Originally Posted by *HisBunny* /img/forum/go_quote.gif i have! i have them in gray. there the same as any other contacts. Did you order them online? I'm looking for a trustworthy individual to order them from online and amist the sellers, i'm not sure who to begin buying from.


----------



## Ingrid (May 30, 2010)

They are circle lenses right? I have a pair in black, I wear them almost everyday. Love them, they are so comfortable they are just like my other regular contacts. I guess just make sure you use contact solution to clean them. I got mine at a Chinese mall. But yeah, it's very comfortable and my eyes are fine.


----------



## HisBunny (May 31, 2010)

Originally Posted by *Minka* /img/forum/go_quote.gif Did you order them online? I'm looking for a trustworthy individual to order them from online and amist the sellers, i'm not sure who to begin buying from. i got them at a wig shop here the lady is asian if you want i can mail them to you. pm if youll like.


----------



## Jinx (May 31, 2010)

I've only bought them from regular contact suppliers, like the ones you get from the eye doctor. 

I bought the Fresh Looks that were also for vision correction but that was near 10 years ago.

My eyes are pretty dry, so I wouldn't use anything my eye doctor didn't approve, but even at that, they feel quite different than a regular vision correction only lens; they are larger and thicker.
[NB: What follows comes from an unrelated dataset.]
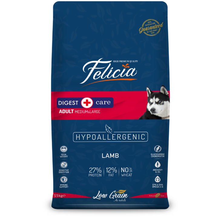 არის სპეციალური საკვები მგრძნობიარე ზრდასრული ძაღლებისთვის. იგი შექმნილია ზრდასრული მსხვილი ჯიშების ყველა განსაკუთრებული მოთხოვნილების დასაკმაყოფილებლად და მათი ცხოვრების სტანდარტების გასაუმჯობესებლად ნამდვილი ცხვრის ოპტიმალური ცილის და ანჩოუს მდიდარი ინგრედიენტის შერევით. იმის გამო, რომ დიდი ჯიშის ძაღლები მიდრეკილნი არიან სახსრების პრობლემებისკენ, Felicia® Adult Lamb გამდიდრებულია გლუკოზამინისა და ქონდროიტინის მაღალი პროპორციით. გარდა ამისა, მის შემადგენლობაში შემავალი ომეგა 3 და 6 ბუნებრივი ცხიმოვანი მჟავების კომბინაცია ხელს უწყობს ცოცხალი, აბრეშუმისებრი და მბზინავი თმის ფორმირებას და ხელს უწყობს ჯანსაღი კანის დაცვას.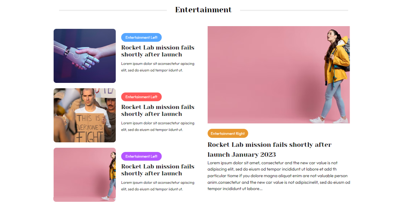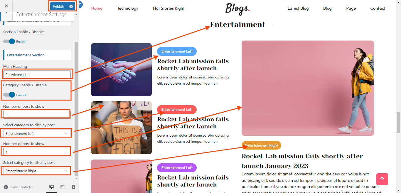Select the number of posts to view. You have the choice of picking Category. You can choose from this options for each Entertainment Settings.

I liked the look- only wore them on occasion, not every day, but got tired of the way they felt after a couple years and just never bought any more after my supply ran out.


----------



## Paipaa (Jun 1, 2010)

there are some really cool ones out there, but like you I haven't taken the plunge and got myself a pair yet. I really like the pink ones on brown eyes it really just gives a little highlight instead of a drastic color change.


----------



## emily_3383 (Jun 1, 2010)

You stated that people get eye infections or whatever because alot of people spit on them. Im assuming that if you use proper lens solution this wont happen. Ive seen people put their contact lenses in their jean pockets and then clean them with spit and put them on. This was in highschool! Genius.


----------



## Paipaa (Jun 1, 2010)

Using spit? no wonder girls get infections doing that. I also know some girls start to share them with friends and having heard this they probably don't even clean them in between.


----------



## Minka (Jun 2, 2010)

Originally Posted by *HisBunny* /img/forum/go_quote.gif i got them at a wig shop here the lady is asian if you want i can mail them to you. pm if youll like. Alrighty, I'll remember that! It'll be a while though, since my car insurance is due soon and i'll be broke for awhile afterwards.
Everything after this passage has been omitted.